SPORT and leisure services in Newport could face significant cuts if the city’s council keeps them in house, a report on a proposed leisure trust has warned.

Newport council cabinet documents make a stark warning that if the services stay in house it will be difficult to make needed savings of more than £400,000 without shutting facilities.

The group of senior Labour councillors is to consider again on Monday whether the authority should transfer its leisure services into a trust, after they expressed caution and put off the decision at a meeting last March. The sites which would potentially go over to a trust include Newport Centre, the Active LIving Centre in Bettws, Newport Velodrome, Newport Stadium and the Tennis Centre, Spytty.

Labour cabinet member for leisure and culture Debbie Wilcox says she’s signed up to the plan, and the state of local government finance led her to change her mind.

If it is given the go-ahead, the trust could be operational by 2015.

The report to cabinet explains that cabinet members have been given further briefings on the proposals since the March meeting.

Newport council is aiming to save £412,000 within the sport and leisure services department by 2017, under current budget projections.

But the report explains it is “unlikely that a saving of £412,000 could be achieved in the short term through continuing with an in-house service without further facility closures and a significant reduction in services for residents”.

Savings of £412,000 can be achieved through tax relief on business rates that would be available to a trust, the report explains, and the body would also be exempt of VAT on certain income.

Setting up the trust will cost £865,000, which would need to be funded out of the council’s invest-to-save fund.

Labour cabinet members at their meeting in March had expressed caution about the plans.

Councillor Bob Poole said he didn’t like giving the family jewels away, and Cllr Wilcox said the proposed saving was small.

But Cllr Wilcox yesterday said her lukewarm welcome to the proposals at the last cabinet meeting “came from the fact that my natural sympathies and political stance is that we provide services for people”.

“I just had to revise that view looking at the current state of local government finance,” she said.

She added she was now signed up to the plan: “We can’t keep on doing things the way we have done them, because we don’t have the money.”

Labour backbench Cllr Chris Evans, who sat on a panel of councillors that reviewed the project, expressed concerns at the implications of setting up a trust in order to save tax, describing it as a tax dodge.
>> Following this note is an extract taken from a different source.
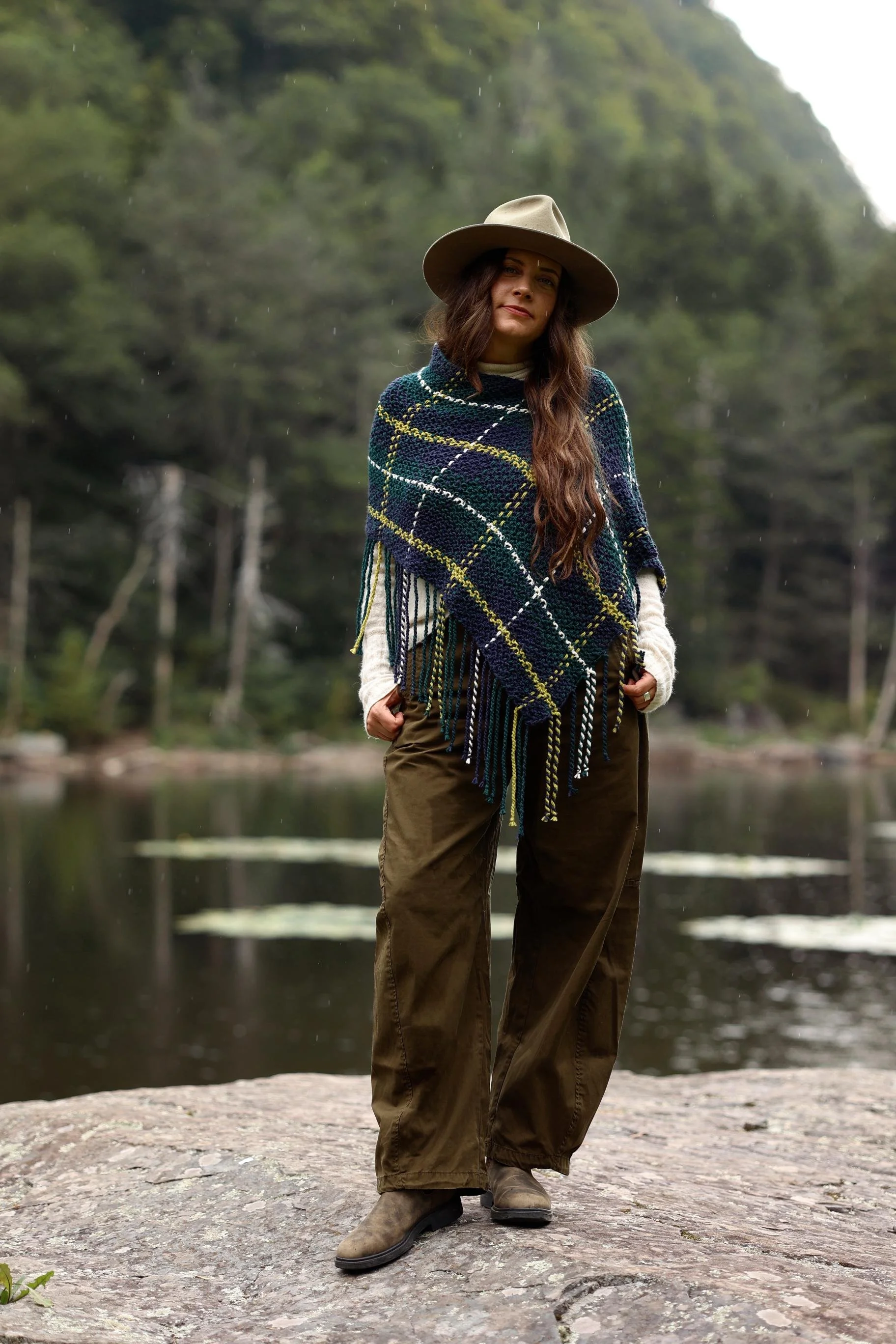 The finishing details of weaving and twisting the fringe do take a bit of time, but the base of the poncho whips up so fast that it all evens out to be fairly low on the time commitment scale for something of this level of beauty. And even though those last steps seem to take a little longer than the actual knitting, the process of watching the plaid and fringe come to life is SO FUN that it will keep you engaged and excited the whole time.

He said: “Is it right and proper that a Labour council effectively endorses dodging tax?”

Cllr Matthew Evans, Tory group leader, said people across the city are not “particularly precious about who runs services.

“I can’t understand the ‘council must run this’ mentality,” he said.

Leisure trusts are not unique to Newport – Torfaen already has one established, while Blaenau Gwent is looking to set one up in the summer.

Cabinet members will consider whether to push ahead with the trust at their meeting on Monday.